Your assignment:
Copy out exactly the stretch of the listing below that begins at the line containing "9:30 | 【登校の時間】 NIJINアカデミーでの1日の始まりです。 |" and ends at the line containing "Revised edition |", and copy nothing outside it.
----- Given data
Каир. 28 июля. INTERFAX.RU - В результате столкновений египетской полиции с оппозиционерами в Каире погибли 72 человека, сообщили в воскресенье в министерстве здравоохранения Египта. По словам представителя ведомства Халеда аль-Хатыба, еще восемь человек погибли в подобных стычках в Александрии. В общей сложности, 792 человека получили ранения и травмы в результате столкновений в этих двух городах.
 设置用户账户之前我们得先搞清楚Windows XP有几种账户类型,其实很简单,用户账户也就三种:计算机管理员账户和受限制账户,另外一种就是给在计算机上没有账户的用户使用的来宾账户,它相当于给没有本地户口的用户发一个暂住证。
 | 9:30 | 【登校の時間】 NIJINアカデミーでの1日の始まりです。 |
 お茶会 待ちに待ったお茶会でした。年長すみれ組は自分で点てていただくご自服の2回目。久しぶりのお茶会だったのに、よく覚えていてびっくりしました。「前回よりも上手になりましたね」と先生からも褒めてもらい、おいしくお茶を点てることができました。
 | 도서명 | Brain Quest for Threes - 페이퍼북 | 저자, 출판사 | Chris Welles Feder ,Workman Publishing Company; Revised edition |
----------
----- Given data
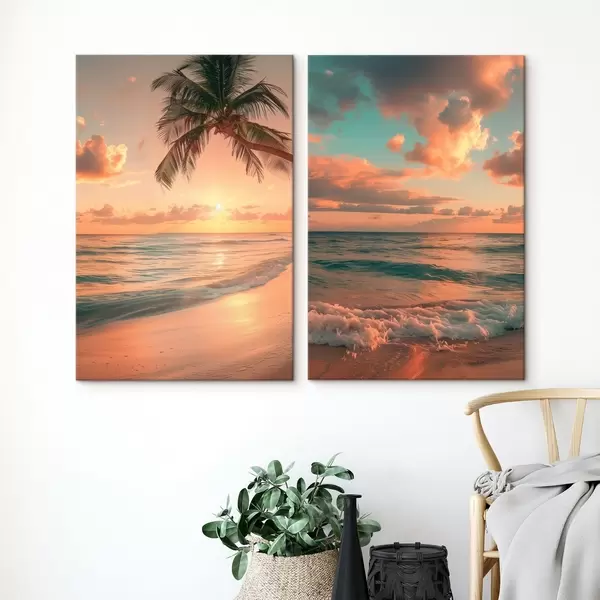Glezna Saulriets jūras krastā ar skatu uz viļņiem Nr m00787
----------
----- Given data
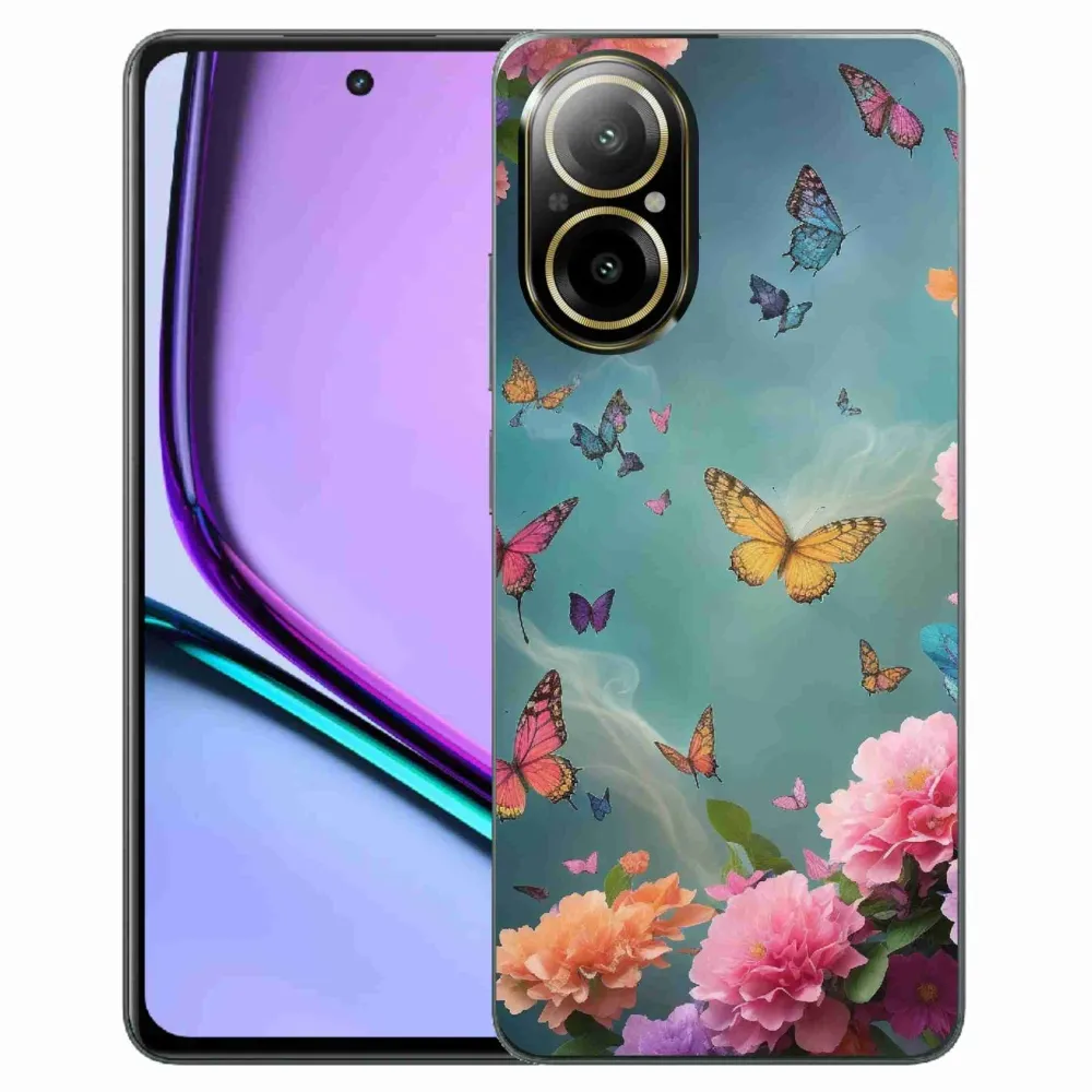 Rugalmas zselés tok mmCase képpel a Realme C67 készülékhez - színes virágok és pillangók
----------
Result:
 | 9:30 | 【登校の時間】 NIJINアカデミーでの1日の始まりです。 |
 お茶会 待ちに待ったお茶会でした。年長すみれ組は自分で点てていただくご自服の2回目。久しぶりのお茶会だったのに、よく覚えていてびっくりしました。「前回よりも上手になりましたね」と先生からも褒めてもらい、おいしくお茶を点てることができました。
 | 도서명 | Brain Quest for Threes - 페이퍼북 | 저자, 출판사 | Chris Welles Feder ,Workman Publishing Company; Revised edition |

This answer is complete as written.